The importance of bridging ancestral wisdom with science was also central in our conversations. It is imperative to shift from head to heart, recognise and respect our interrelatedness with all of life, and acknowledge there are several ways to gain understanding beyond the scientific method. Original Peoples hold deep ancestral wisdom and ecological knowledge. They show us a different way to be in relationship with lands, animals and one another that Western cultures have pulled away from. This is why 80% of the Earth's remaining biodiversity is within lands inhabited by Original Peoples. We learned it is not just about knowledge; it is about the spirit to keep this sacred connection with Earth and all its inhabitants. Importantly, we also heard that the Original Principles do not belong to Original Peoples –they are in all of us. The Elders emphasised the importance of centring ourselves with stillness and ceremony so that we can begin to listen once more. By connecting to Mother Earth, each one of us can bring forward the wisdom within us. Learning to look deeply into nature is much needed for the evolution of humanity.

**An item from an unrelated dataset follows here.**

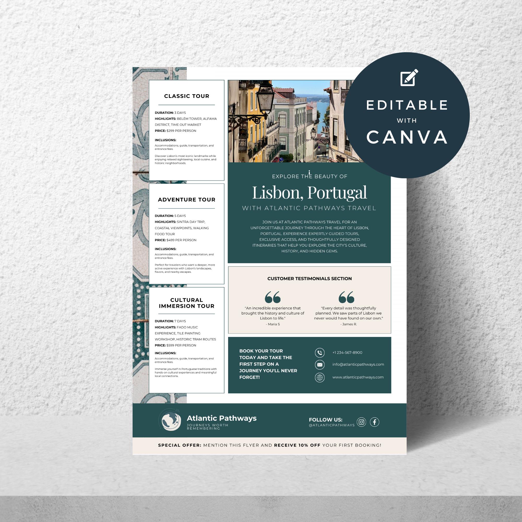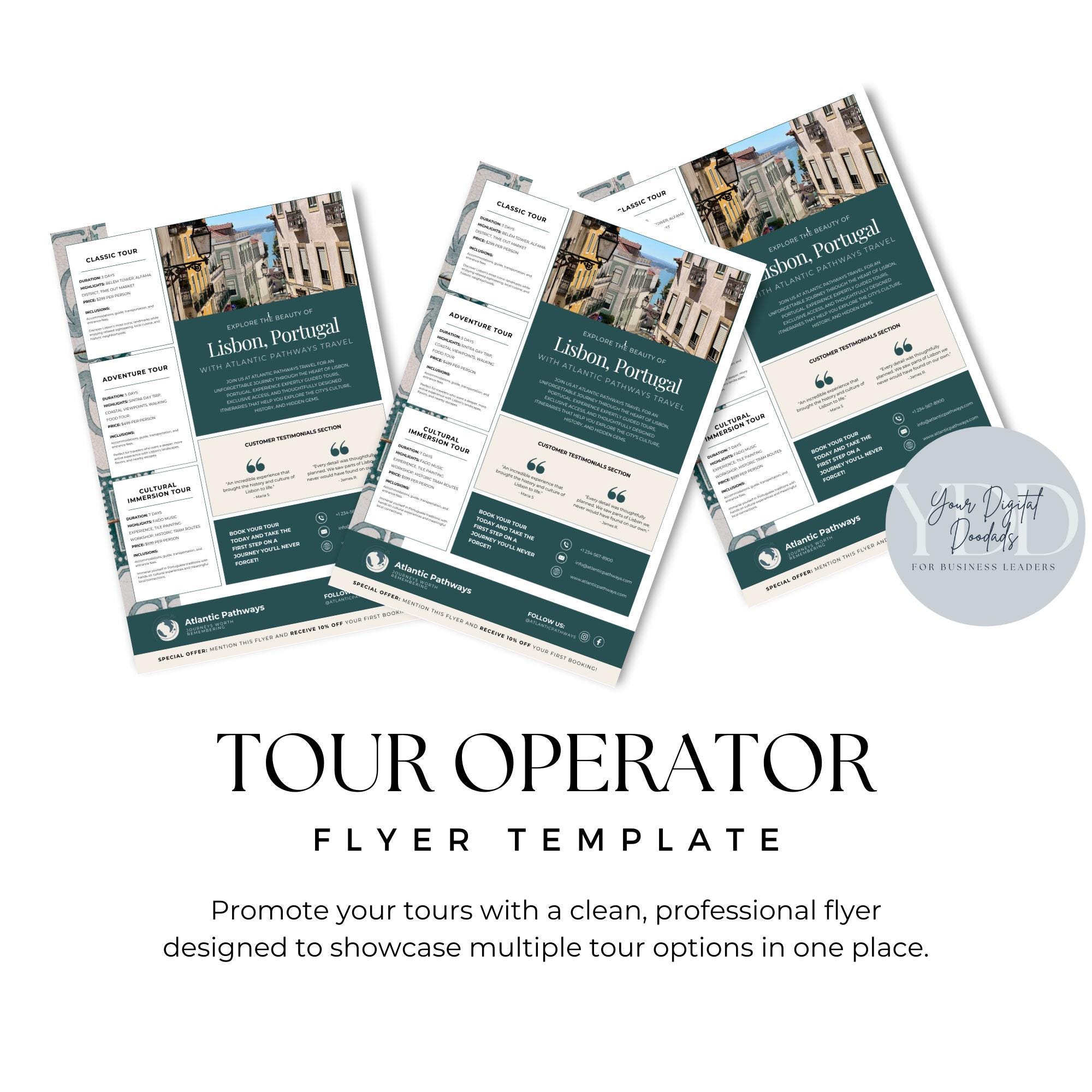 This Tour Operator Flyer Canva Template is ideal for travel agencies, tour operators, and destination businesses that want a modern, easy-to-edit marketing piece for print or digital use.

We were reminded by Milo Yellow Hair and Mindahi that change begins within our ears and that we are responsible for celebrating creation and being alive. Collectively we need a change of mind, heart, attitude and understanding. We were encouraged to take the time to dream and stay joyful, to sing and dance as we travel along a journey that can sometimes be arduous. We were told we must live no slower or faster than the rhythms set by nature. Mindahi of the Otomi-Toltec Nations asked, "Being sustainable for what? You can't be sustainable of what's already broken. The water is polluted, so is the food, the Earth. We are all already suffering." He said we must return to respect for life and love as an action, acknowledge that we are surrounded by love and give thanks for that. He also shared a path to reconnect by recognising ourselves as human beings collaborating for good living. This was not to have fun living the good life but to take responsibility for the impacts of life, learning to take care of each other, make relations and see all as family and community.
We intend to allow the learnings from Original Principles and the Elders to germinate and move us toward powerful actions. Still, as we reflect and attempt to give a taste of what an incredibly life-altering and awe-inspiring opportunity this was, we will leave you with the words of Grandmother Jyoti, who says, we go slow, so we can go fast. She advised us that "The Western mind wants to figure it out. The Elders are saying, be still.” She encouraged us to listen to what we heard and embody it in ourselves and our organisations. In doing so, we can have a more integrated, wholesome approach that aims to let go of western arrogance and seeks to bridge scientific and business practices with Original Principles derived from the ancestral wisdom of cultures that have and are living in harmony with Earth.
A note from TreeSisters. TreeSisters recognise that aviation and air travel are significant contributors to climate change. We will always attempt to limit our travel where possible and, only if deemed necessary, utilise more environmentally friendly options like coach or train. This was not possible for this trip where key alliances were being strengthened and those present were immersed in the direct teachings and rituals of native Hawaiian, Lakota Sioux, and Olteni-Toltec elders and wisdom keepers in a way that can only be done face to face, and heart to heart.